Would-be seller concerns will keep inventory tight in 2022
Nationwide, the number of homes on the market in any given month of 2021 was 56% lower than 2019 pre-pandemic levels, according to NerdWallet’s analysis of Realtor.com inventory data. It will take a consistent and considerable increase in the number of newly listed homes for home buyer choices to reach a reasonable level. And the survey suggests that current homeowners may be unlikely to list their homes in significant numbers.
More than 2 in 5 (42%) current homeowners don’t want to sell their homes right now. Of the 58% who do, 89% say something is preventing them from doing so.
Concerns about finding a new house (40%) and concerns about paying too much for a new house (35%) are among the most frequently cited obstacles, according to the survey. In a frustrating cycle, the fact that so few homes are available to buy is keeping many current homeowners from making their homes available to sell, which perpetuates the scarcity.
“The pace of home price increases is expected to slow dramatically in 2022,” Lewis says. “That might persuade at least some owners to list their homes for sale by giving them confidence that they’ll be able to find an affordable replacement home, whether they’re moving up or downsizing.”
Home buyer tip: Seven in 10 (70%) Americans believe first-time home buyers must be willing to buy starter homes or fixer-uppers if they want to buy a home in the current market. But flexibility will be crucial for all home buyers in 2022 — whether it’s their first home or a subsequent one. Although price growth is predicted to slow, a continued low inventory of homes will mean continued high prices and stiff competition. Buyers committed to closing on a home may want to expand their geographical search, let the seller choose the closing date and consider some home features as optional instead of must-have. One thing we don’t advise buyers to give up: getting a proper home inspection. In this market, you may not be able to get the seller to pay for repairs resulting from the inspection. But moving into a home without even knowing about potentially expensive problems could push a new homeowner’s budget to the breaking point.
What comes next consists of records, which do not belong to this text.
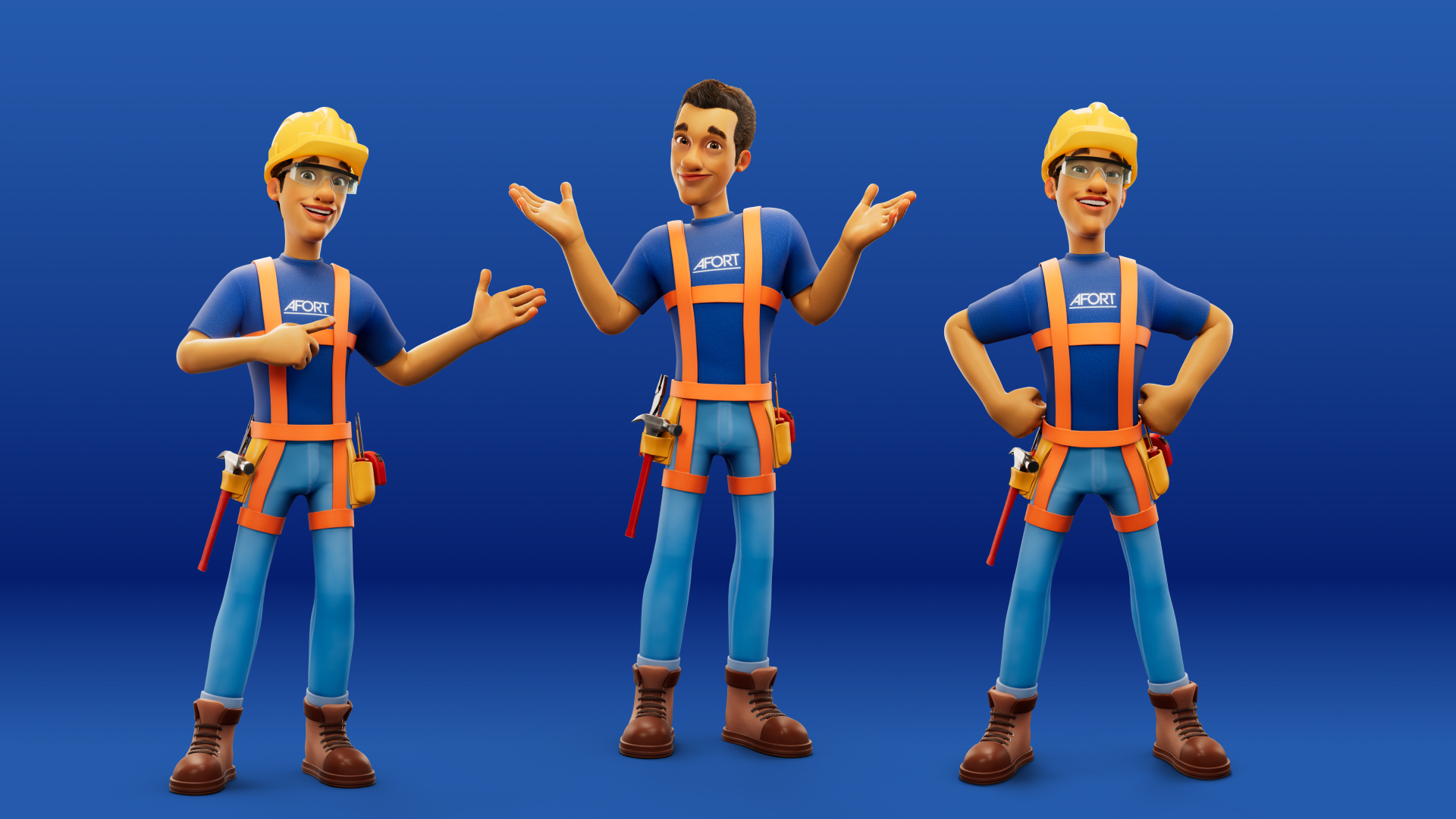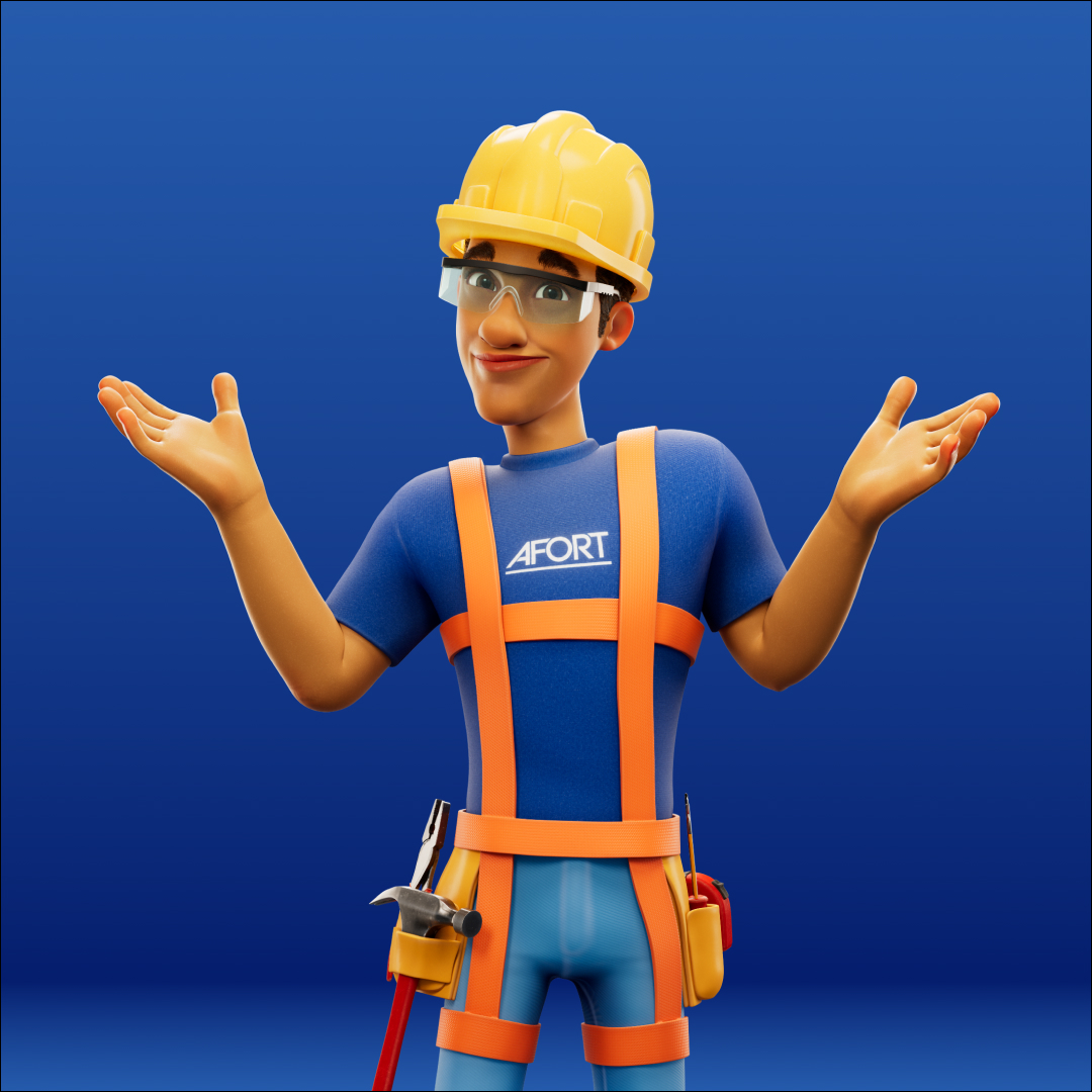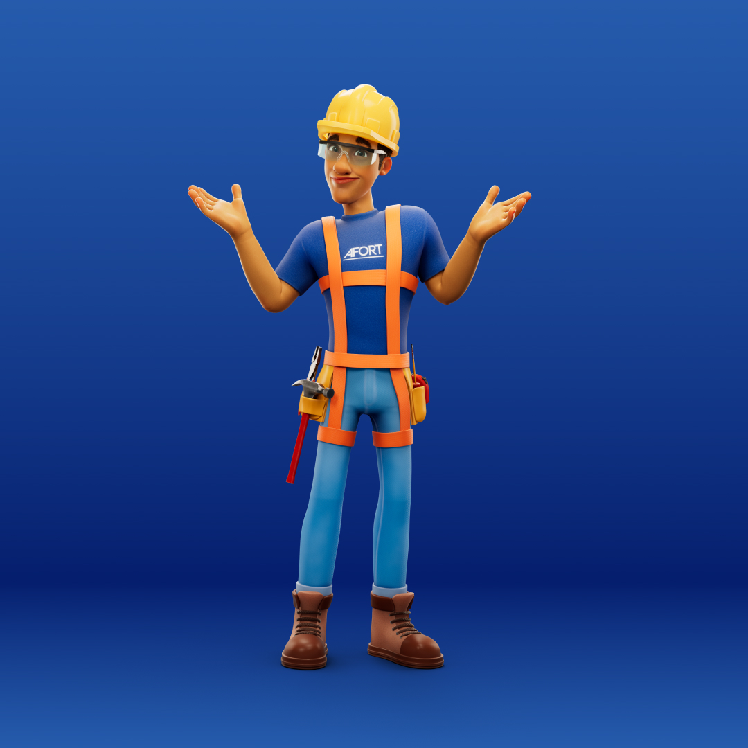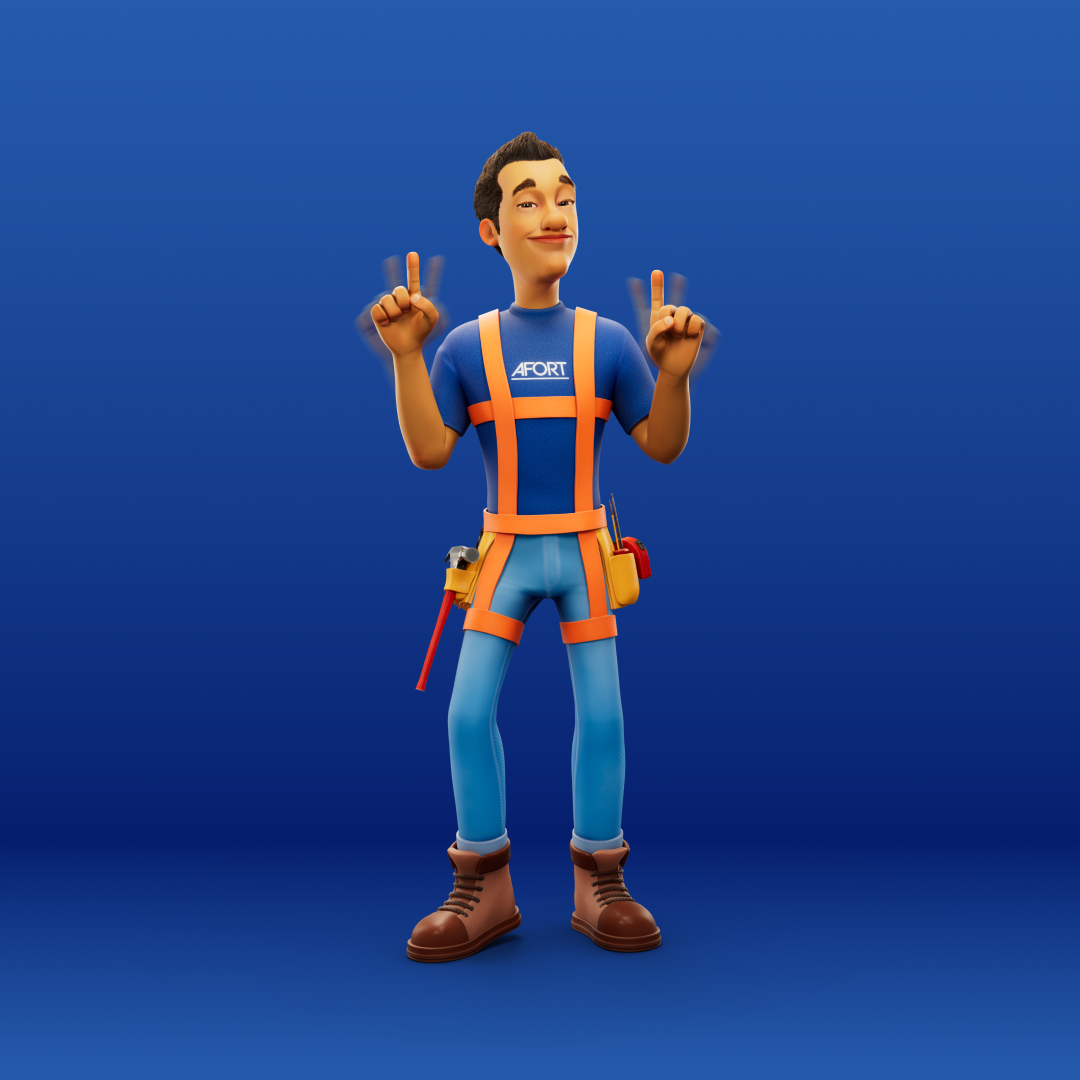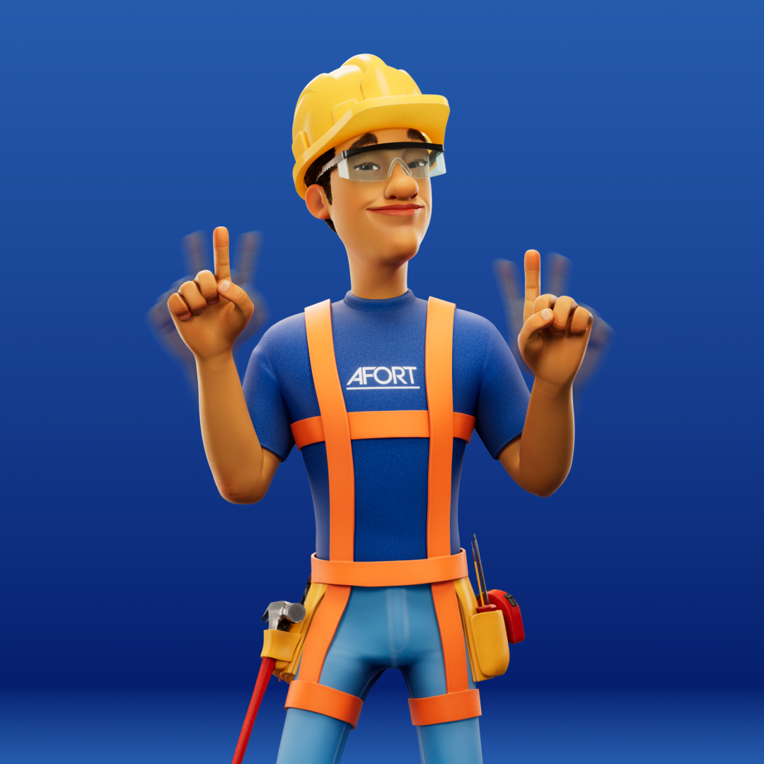 Para a AFORT, criamos um personagem 3D completo, do concept à renderização final. Batista é um construtor desenvolvido para representar a marca com força, profissionalismo e carisma, garantindo uma identidade visual marcante. Criamos versões dele com e sem EPI, trazendo versatilidade para sua aplicação na comunicação da marca.
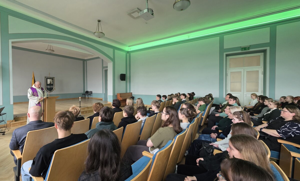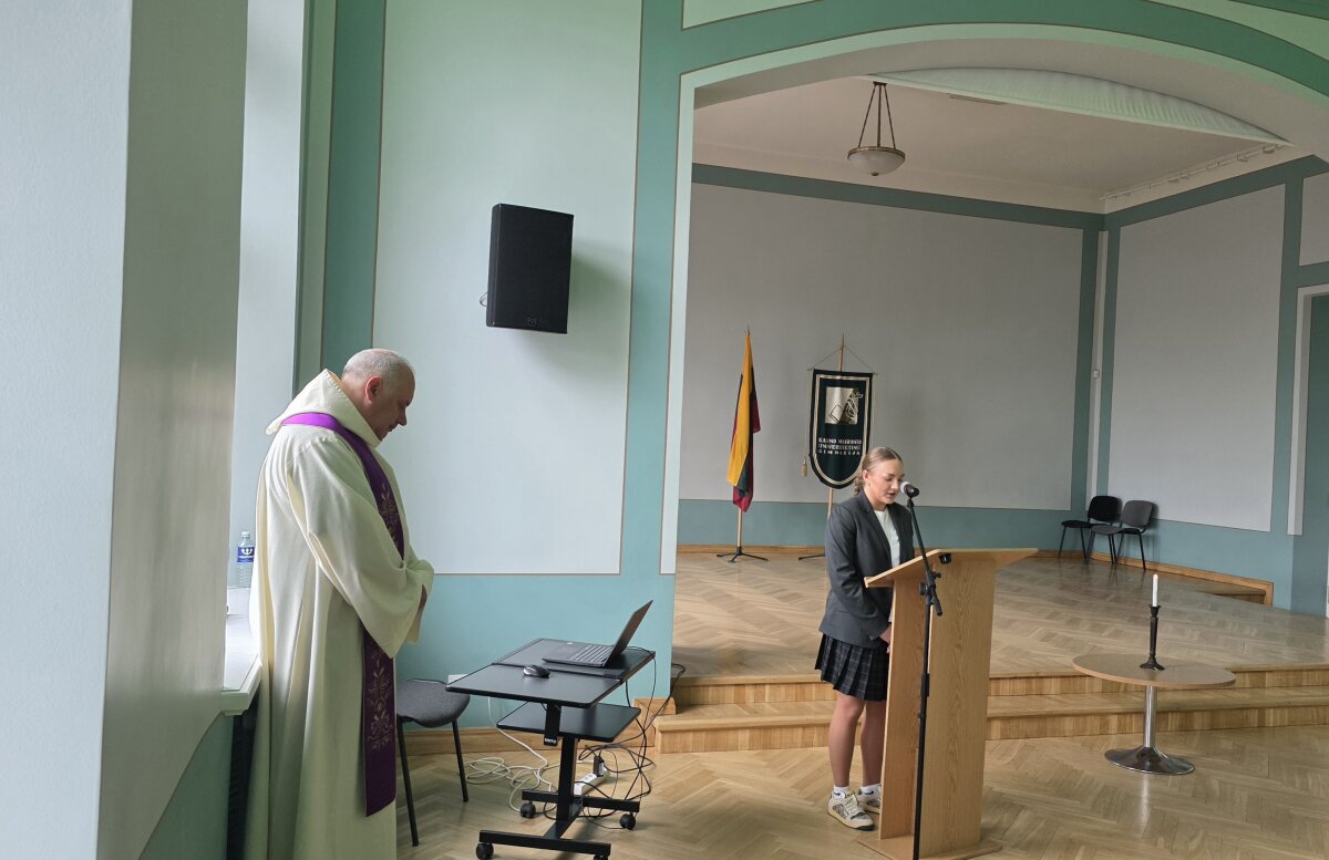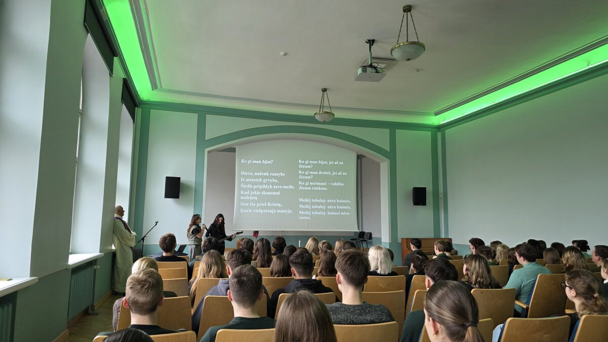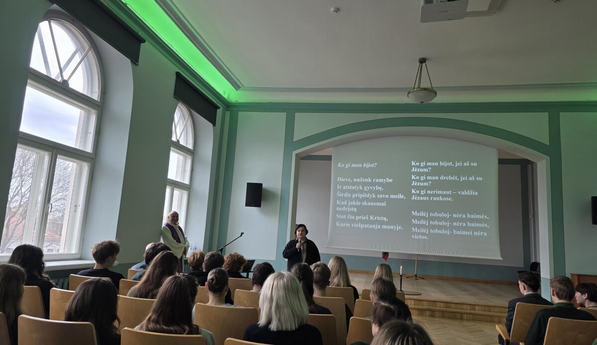 Penktadienio rytą gimnazijoje pradėjome dvasinio susikaupimo valanda. Mus visus pakvietęs susiburti gimnazijos kapelionas, kunigas Evaldas Vitulskis sukūrė labai jaukią, nuoširdžią atmosferą. Ją dar labiau pagyvino gimnazistų atliekamos giesmės, skaitomos Šv. Rašto ištraukos, visus suartino bendra malda. Išsiskirstėme gavę palaiminimą ir palinkėję vieni kitiems gražių artėjančių švenčių.
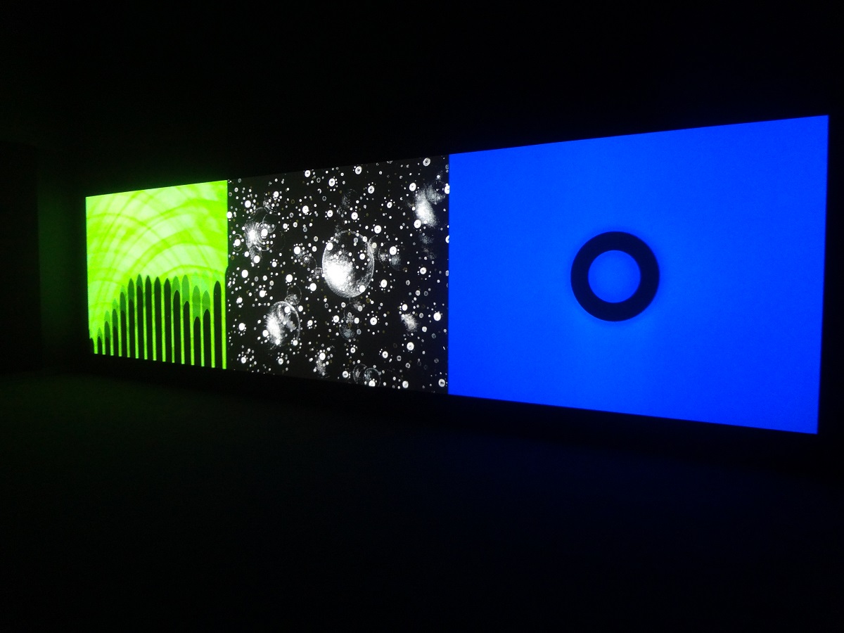 This model of environmental, multi-projector performance was pioneered four decades before in such works as Oskar Fischinger’s Raumlichtkunst (Space Light Art, 1926/2012), on view nearby. Painstakingly reconstructed by the Center for Visual Music from films more than half a century old, this three-screen video installation is a kinetic abstraction of psychedelic color and intensity, contrasting geometrically thrusting bars with centrifugally collapsing folds, as central images of the cosmos evoke the infinite.
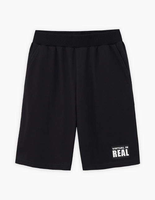 Чёрные шорты для мальчика. Базовая модель прямого силуэта со средней посадкой. Комфортное изделие на мягком эластичном поясе. Карманы-хулиганы. Деликатный шрифтовой принт. Идеально впишутся в любой гардероб ребёнка.

Stumbling blocks on the homebuying path
Not everyone wants to buy a home — 16% of nonhomeowners and 37% of current homeowners don’t want to purchase a home at this time. But those who do cite a variety of obstacles.
Nonhomeowners are more likely to point to their personal finances: Not having enough for a down payment, low income and their credit score top the list of things preventing them from pursuing homeownership at this time. Current owners, on the other hand, are more likely to cite broad economic factors such as competition, the economy and a lack of homes within their budget.
Home buyer tip: Not having enough saved for a down payment is the most-cited obstacle to homebuying among nonhomeowners. In fact, if given the choice between receiving $80,000 toward a home down payment or toward their retirement fund, half (50%) of Americans would opt for a down payment. A big down payment can lower your monthly mortgage payment, reduce how much you pay in interest over the life of the loan and make you more competitive in the current market. But the days of the required 20% down payment are over, and low-down-payment mortgage options exist.
This survey of 2,035 U.S. adults ages 18 and older was conducted Dec. 7-9, 2021, online by The Harris Poll on behalf of NerdWallet. This online survey isn’t based on a probability sample and therefore no estimate of theoretical sampling error can be calculated. For complete survey methodology, including weighting variables and subgroup sample sizes, contact Mauricio Guitron at [email protected].
NerdWallet defines generations as Generation Z, ages 18-25; millennials, ages 26-41; Generation X, ages 42-57; and baby boomers, ages 58-76.
Annual averages of active listings calculated from monthly national inventory data from Realtor.com.
The number of Americans planning on purchasing a home in the next 12 months was calculated using the U.S. Census Bureau’s adult population estimate as of July 1, 2021, the most recent available.